So what lies in store for 2103? Back to the future is one less than optimistic view. After Apple’s success in constructing a walled garden ring-fenced for several years by an ‘iFence’ consisting of iTunes, Apple Store full of Apple-approved apps, the company has seemingly hardened its stance by dropping support of Google Maps with somewhat disastrous consequences for itself and launched aggressive law suits against its main competitors, all signs of impending weakness as it runs out of new ideas. Meanwhile Twitter has tried the same trick by blocking Instagram, and Instagram in turn has shot itself in the foot by announcing that what you own it owns and what it owns you don’t. Instagram quickly reverted back to its original policy after huge public backlash. Instagram is, of course, owned by Facebook which seems like it has set up a specialist department tasked solely with upsetting its users as far as its imagination allows. Even ‘Don’t be Evil’ Google continues to run the gauntlet of countless regulatory challenges to the way it collects and uses data and allocates search results. Next up they all expand into each other’s gardens and into the worlds of TV and the carrier business. It’s a far cry from those innocent days when the Internet was God’s gift to little people.

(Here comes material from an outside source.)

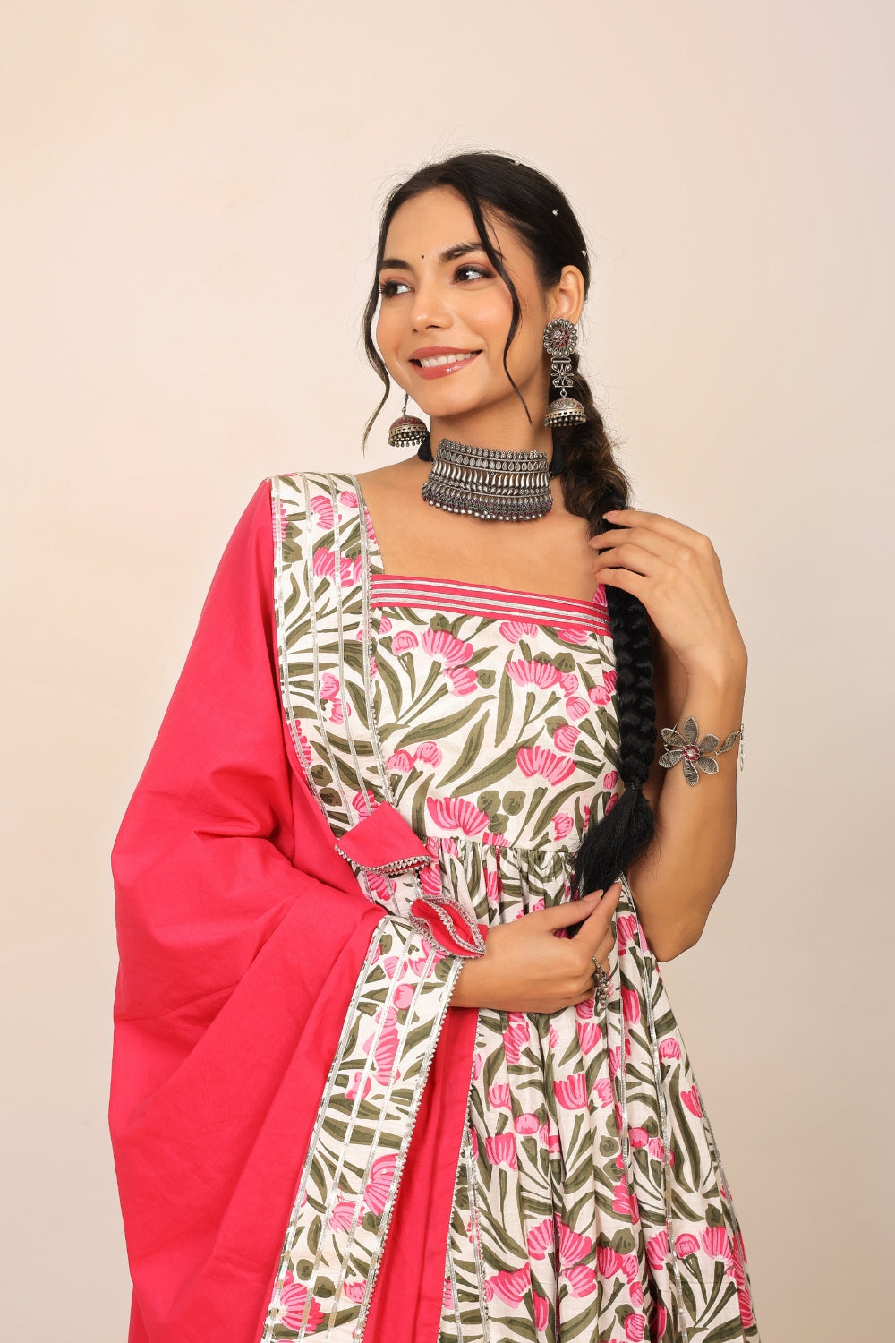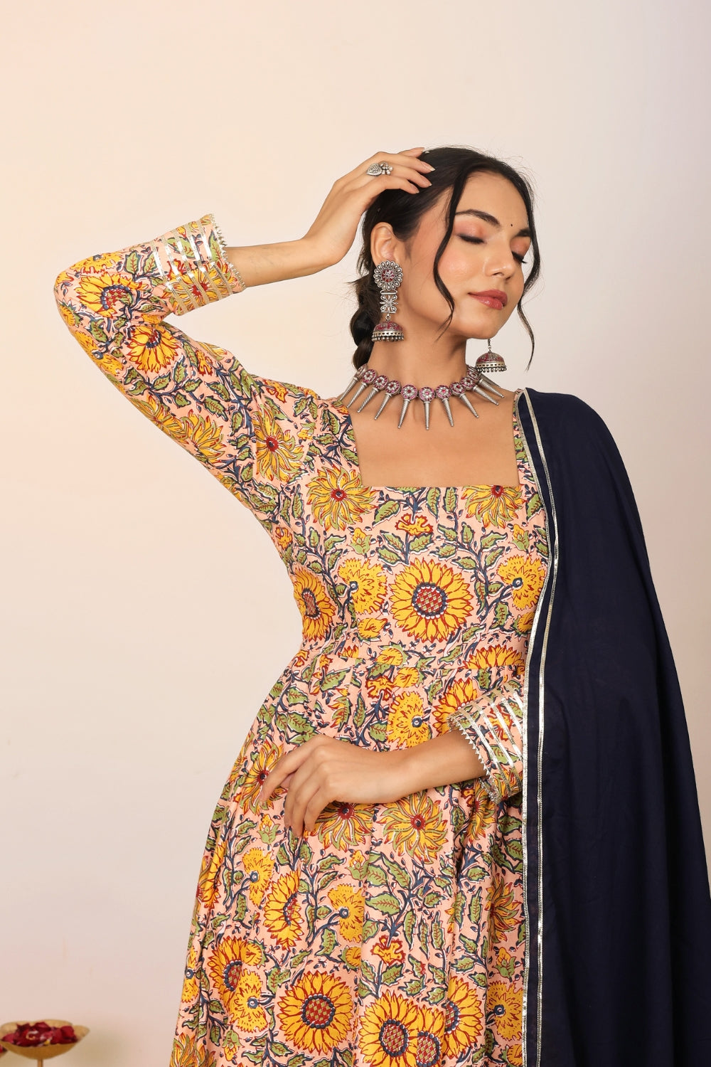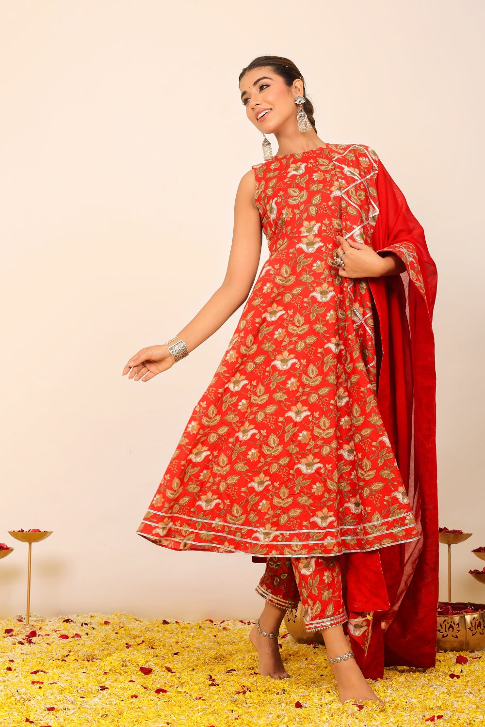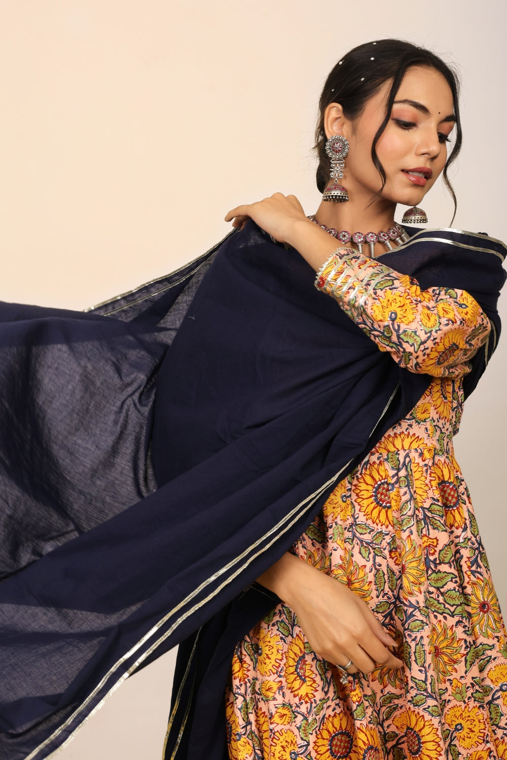 Make a grand entrance in our beautifully tailored Anarkali suit sets. Characterized by their flared silhouettes and regal charm, these suits are ideal for weddings, parties, or any time you want to feel extra special. Choose from soft floral patterns, rich solid tones, or classic ivory hues that pair beautifully with dupattas crafted from organza or cotton voile.

But there must be optimism out there somewhere, as Gramsci’s now clichéd remark said, pessimism of the intellect, optimism of the will. Well, for starters 55 member states did walk out of the ITU’s sad efforts to rein in the Internet. And Apple, Google and the rest do continue to give us services that make our lives much easier, even if they are driven by profit motives. For the most part these services may be no more than trivial pursuits, but that’s better than law suits. And most of all, we do sense that we haven’t seen anything yet in terms of what could be achieved with apps to address issues such as pollution, rehabilitation of handicapped people, access to education and health facilities of even the poorest on the Earth and so, so much more. The pioneering spirit of the Internet – forget the military aspects – was to address issues of humanity and what the hell, why not think that 2013 could see some resurrect interest in them. Happy 2013.